Merlin had always been a bit clumsy. Unfortunately, the fatigue from working every waking hour of the day made him more so. While carrying a heap of dirty linens across the courtyards to the laundress, he stumbled over a section of uneven cobblestone. The linens toppled over from his arms, and while some simply fell to the ground, a few flew into the sputtering face of Gamel, the under-chamberlain with just as nasty a temper as Farran. Gamel yanked the offending linens away from his face, throwing them to the ground with a growl.
“You!” he shouted, and with his arms full, Merlin wasn’t quick enough to react to the fist slamming into his face.

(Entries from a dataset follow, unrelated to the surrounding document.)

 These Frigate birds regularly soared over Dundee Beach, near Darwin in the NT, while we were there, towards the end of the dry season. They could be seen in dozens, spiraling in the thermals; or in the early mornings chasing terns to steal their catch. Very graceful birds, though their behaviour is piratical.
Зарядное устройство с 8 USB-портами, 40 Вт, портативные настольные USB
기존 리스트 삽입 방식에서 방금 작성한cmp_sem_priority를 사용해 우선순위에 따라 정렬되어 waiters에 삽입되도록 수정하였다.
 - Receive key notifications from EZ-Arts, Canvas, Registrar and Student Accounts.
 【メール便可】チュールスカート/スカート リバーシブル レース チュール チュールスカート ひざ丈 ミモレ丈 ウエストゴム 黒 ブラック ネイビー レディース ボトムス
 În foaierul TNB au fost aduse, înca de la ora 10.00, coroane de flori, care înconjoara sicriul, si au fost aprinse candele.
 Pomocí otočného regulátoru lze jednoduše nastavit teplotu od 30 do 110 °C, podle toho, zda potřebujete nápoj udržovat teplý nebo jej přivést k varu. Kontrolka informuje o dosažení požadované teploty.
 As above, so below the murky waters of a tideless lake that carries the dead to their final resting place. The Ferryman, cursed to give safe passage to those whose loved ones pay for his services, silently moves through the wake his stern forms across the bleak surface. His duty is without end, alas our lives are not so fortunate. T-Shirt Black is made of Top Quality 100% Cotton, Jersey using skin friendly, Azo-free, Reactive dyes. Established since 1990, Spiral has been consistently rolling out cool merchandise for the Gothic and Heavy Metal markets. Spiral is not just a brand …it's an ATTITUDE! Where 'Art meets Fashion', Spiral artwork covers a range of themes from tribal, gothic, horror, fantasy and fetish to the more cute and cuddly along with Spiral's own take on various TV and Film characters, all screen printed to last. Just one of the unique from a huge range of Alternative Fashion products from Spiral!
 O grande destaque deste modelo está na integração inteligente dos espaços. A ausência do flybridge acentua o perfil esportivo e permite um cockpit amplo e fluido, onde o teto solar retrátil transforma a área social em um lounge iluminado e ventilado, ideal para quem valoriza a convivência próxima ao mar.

The punch sent him sprawling, the rest of the linens dropping to the cobblestone. It was fortunate, Merlin thought as he pressed a hand to the right side of his face, that the linens were dirty to begin with. “Watch where you’re going, you bumbling idiot!” the under-chamberlain hissed before stalking away. Merlin spent the rest of the day with a headache and half of his face swelling.

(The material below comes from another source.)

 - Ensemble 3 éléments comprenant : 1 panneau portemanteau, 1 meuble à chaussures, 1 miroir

The next day, the first day of celebrations, Merlin, along with a few other slaves, was assigned to clean out the numerous fireplaces circling the dining hall. Considering that he could only see through one eye, the task was a lot more difficult than usual. He couldn’t quite tell what he’d already cleaned and what he hadn’t. He moved too slowly for Farran’s liking when the chamberlain stopped by to check on their progress, and earned a lashing for it. Merlin did not give him the satisfaction by crying out from it.
“Is a slave named Merlin here?” someone called into the hall some time later.
Merlin yelped when he moved to stand and forgot that he was kneeling halfway into a fireplace. He banged his head on the stone above his head, unsettling more soot onto his person. He winced as the twinge of pain in his back reminded him of the recent lashing.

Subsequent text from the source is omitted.